Era uma vez… Bem assim não, afinal esta história nem acontece só uma vez, acontece tantas vezes…
Já à muito, muito tempo, vivia numa das aldeias deste país, daquelas que já não existem, já não há a tasca com o copo de tinto a 2 tostões, nem a mocidade a correr aí pelos campos, nem o leiteiro a passar à porta das casas ou o bêbado lá da terra de ouvido no golo do Eusébio… Já não há, apenas ainda subsiste a missa ao Domingo, naquele perdido Portugal, eterno, rural, ao sabor das estações, típico Portugal.
E no meio da inconsciência e ignorância, sempre houve quem assim fosse feliz. Viveu assim toda a vida, sem a saber conhecer doutra maneira, o velho do lagar que por não saber ler, fazer as somas dos “Alqueires” de cabeça e amar o seu olival mais que tudo, se tornou o único produtor de azeite lá da terra. Ao velho, que já não tinha amigo que se lembrasse dele novo, não se podia falar mal do seu azeite e não se podia negar o bom do tinto quando o seu Belenenses jogava ao Domingo. No entanto, era a personagem mais típica e curiosa da terra.
Passaram-se chuvadas e dias de calor naqueles olivais, o azeite sempre no ponto, diziam todos eles, principalmente aqueles que na apanha recebiam umas coroas, o velho com tristeza já não podia varejar as árvores. Passaram umas épocas, o “Eusébio foi lá para o União de Tomar arrumar as botas” e o seu Belenenses já nem nos primeiros ficava. Passaram-se umas guerras e “aqueles que sabem, falando de uma forma que nós, que não sabemos ler não podemos perceber”, fizeram aquilo do 25 de Abril. Tudo isto passou pelo Velho do Lagar, e o que mais lhe fazia impressão, ainda era quando o Belenenses perdia em casa. Até um dia…
E não julguem que esse foi o dia em que o Velho partiu, não tinha razões, andava por aqui bem, o pior que lhe podiam fazer era “vir um doido a gritar PREC” e a dizer para ele ocupar a casa dos condes da terra porque dormir com as oliveiras não era vida.

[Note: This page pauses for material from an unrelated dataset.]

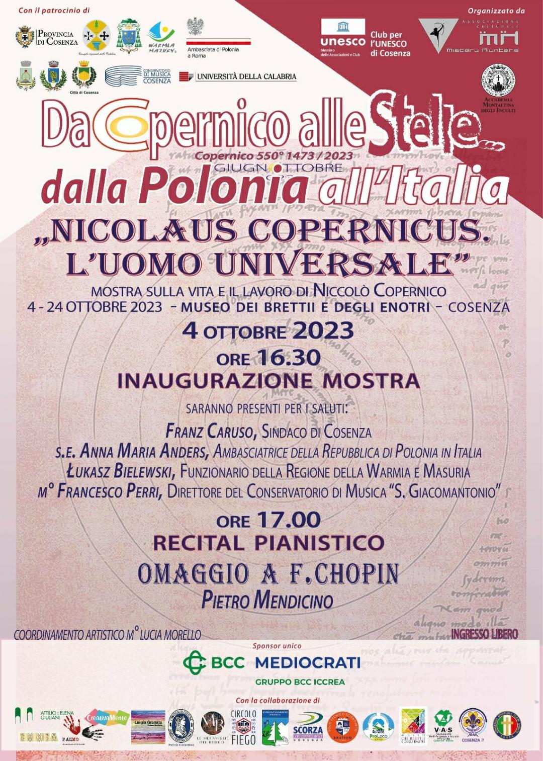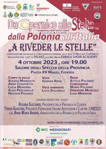 La giornata poi proseguirà con la inaugurazione della mostra sulla iconografia copernicana dal titolo “L’uomo universale”. La mostra sarà inaugurata alle 16,30 presso il Museo dei Bretti e degli Enotri sempre a Cosenza, a cui farà seguito una manifestazione musicale dal titolo “A riveder le stelle, alle ore 19,00, presso il Salone degli Specchi della provincia di Cosenza. A tutte le tre manifestazioni sarà presente Sua Eccellenza Ambasciatrice di Polonia Anna Marie Anders.

Aí sim, o Velho não gostava! Ahhh… Aquelas oliveiras são a vida para ele. Até um dia…Até um dia em que “Os senhores que emigraram e estudaram lá por fora sem ir ao Ultramar” lhe disseram que ele agora era europeu. Foi-lhe indiferente…
Quando chegou “lá aquele da Europa que vem cá controlar a qualidade da lavoura”, lhe pegou no azeite e lhe disse que o azeite de sempre, o azeite daquela terra, o azeite da sua vida, o amigo que nunca o enganou, a mulher que sempre lhe pôs o pão na mesa ao jantar, o sonho de alguém a quem “os senhores do Salazar” lhe roubaram todos os sonhos, esse, esse a quem da flor ao lagar, vezes sem conta em anos perdidos, lhe preencheu o curto espaço que vai dos trapos de parteira à cova rasa, esse azeite, era, é, e continuaria a ser enquanto se não pusessem uns pós manhosos, um azeite ácido “que não cumpria com as normas comunitárias”.
Veio subitamente “um engenheiro” calcular uma vida, dizer-lhe que a sua vida não cumpria a função, que não se podia vender, que seria pretexto para um subsídio, que seria o fim do Velho, que nada mais valeria a pena, que a vida tinha sido um engano, que tudo o que amou foi sempre um ácido que no trago não amargava e que o agora amargou para sempre.
O velho morreu, e nem foi preciso chegar o primeiro subsídio. Ate hoje, e se o “Padre Antunes” tiver razão, o Velho do Lagar estará no céu a recordar, nunca mais se soube.Nunca mais se soube, se o engano e o Falso Azeite, concederam ao Velho a alegria de uma vida, ou a amargura da verdade. Nunca mais se soube, e a cada um de nós ficará por saber, e descobrir.